Your assignment. Reproduce each line below precisely. Drop the pictures.

Information supplied.
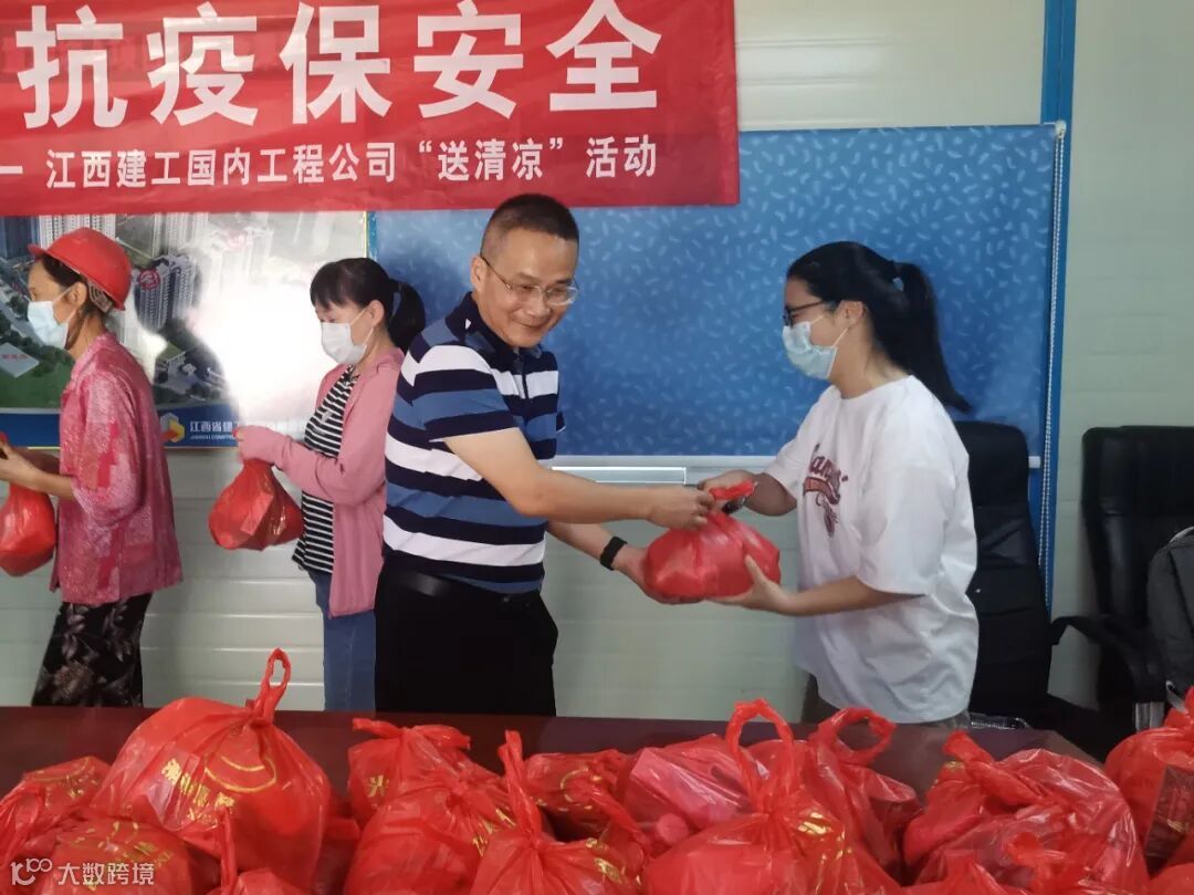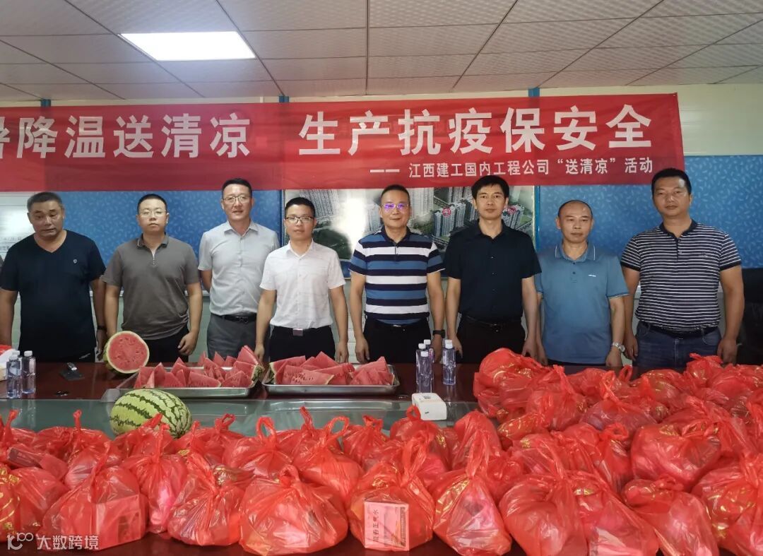 8月4日下午,江西建工国内工程公司党委委员、副总经理胡长征,总经理助理袁风林来到福建省莆田市城厢区洋西片区安置地块A项目工程,慰问高温下坚守岗位的一线员工,并为他们送去清凉“大礼包”。
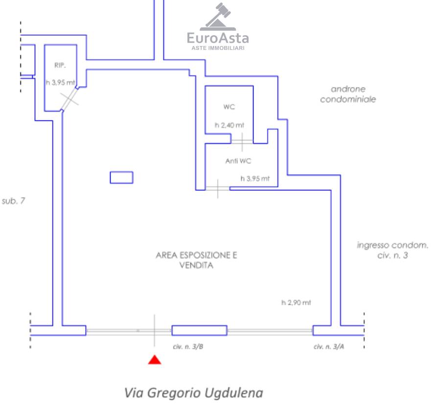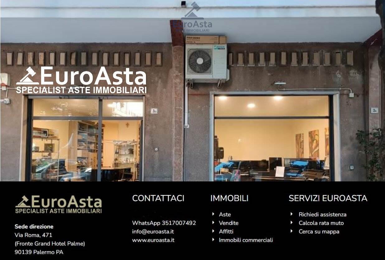 LOTTO C: piena proprietà di un locale commerciale, ubicato a Palermo, in Via Gregorio Ugdulena nn. 3/A, 3/B, piano terra, composto da due vani, ripostiglio e servizio igienico con relativo antibagno. Confinante a nord/ovest con Via Gregorio Ugdulena; a nord/est con altra unità immobiliare (sub. 7 LOTTO D); a sud/ovest con ingresso fabbricato civ. 3 e androne condominiale; a sud/est con altra unità immobiliare (sub. 3 LOTTO B). Censito al C.F. al foglio 33, p.lla 359, sub. 38 (già sub. 5 e 6) cat. catastale C/1, consistenza 54 mq, superficie catastale 62 mq, rendita € 3.145,84
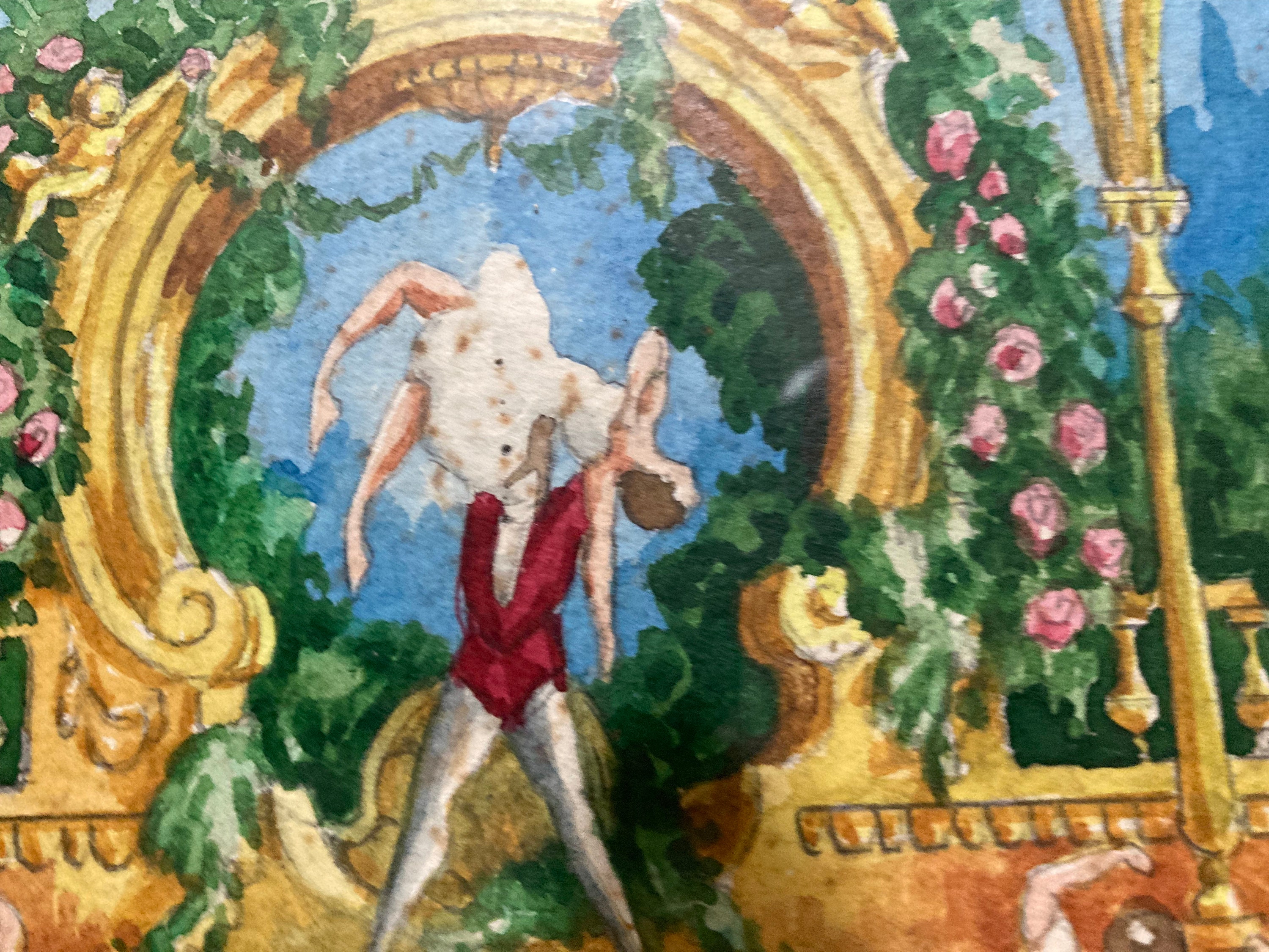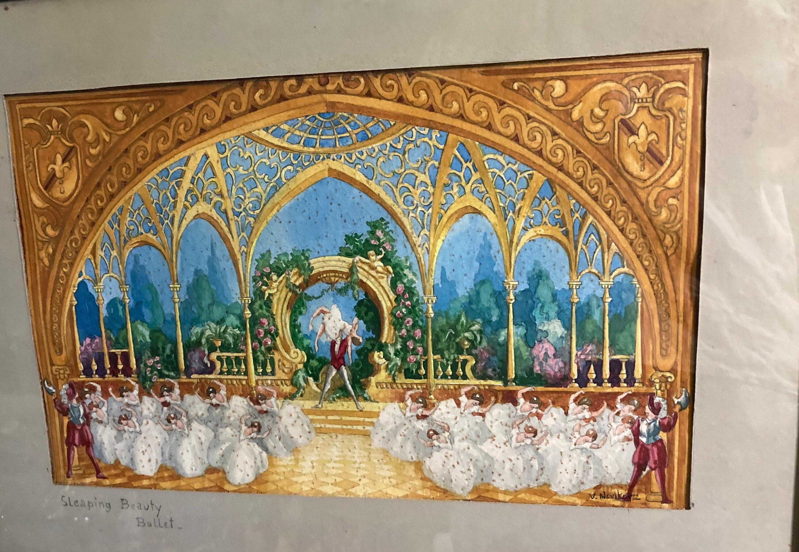 Watercolor Painting of "Sleeping Beauty Ballet "Framed Size 19.5 w x14" tPicture 14"w x 9"wPerfect in Frame , no damages
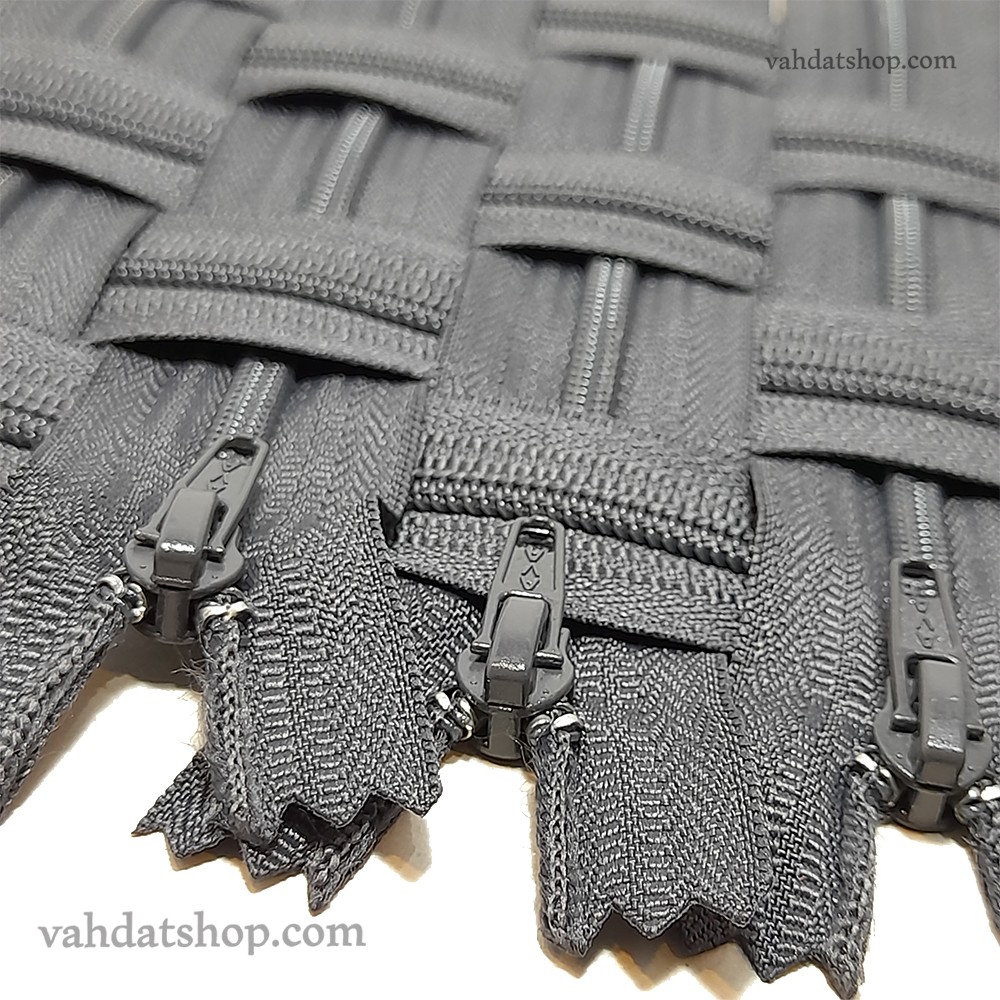این نوع زیپ دارای دندانه های پلاستیکی و ماشین زیپ اتوماتیک است.

Answer space.
 8月4日下午,江西建工国内工程公司党委委员、副总经理胡长征,总经理助理袁风林来到福建省莆田市城厢区洋西片区安置地块A项目工程,慰问高温下坚守岗位的一线员工,并为他们送去清凉“大礼包”。
 LOTTO C: piena proprietà di un locale commerciale, ubicato a Palermo, in Via Gregorio Ugdulena nn. 3/A, 3/B, piano terra, composto da due vani, ripostiglio e servizio igienico con relativo antibagno. Confinante a nord/ovest con Via Gregorio Ugdulena; a nord/est con altra unità immobiliare (sub. 7 LOTTO D); a sud/ovest con ingresso fabbricato civ. 3 e androne condominiale; a sud/est con altra unità immobiliare (sub. 3 LOTTO B). Censito al C.F. al foglio 33, p.lla 359, sub. 38 (già sub. 5 e 6) cat. catastale C/1, consistenza 54 mq, superficie catastale 62 mq, rendita € 3.145,84
 Watercolor Painting of "Sleeping Beauty Ballet "Framed Size 19.5 w x14" tPicture 14"w x 9"wPerfect in Frame , no damages
این نوع زیپ دارای دندانه های پلاستیکی و ماشین زیپ اتوماتیک است.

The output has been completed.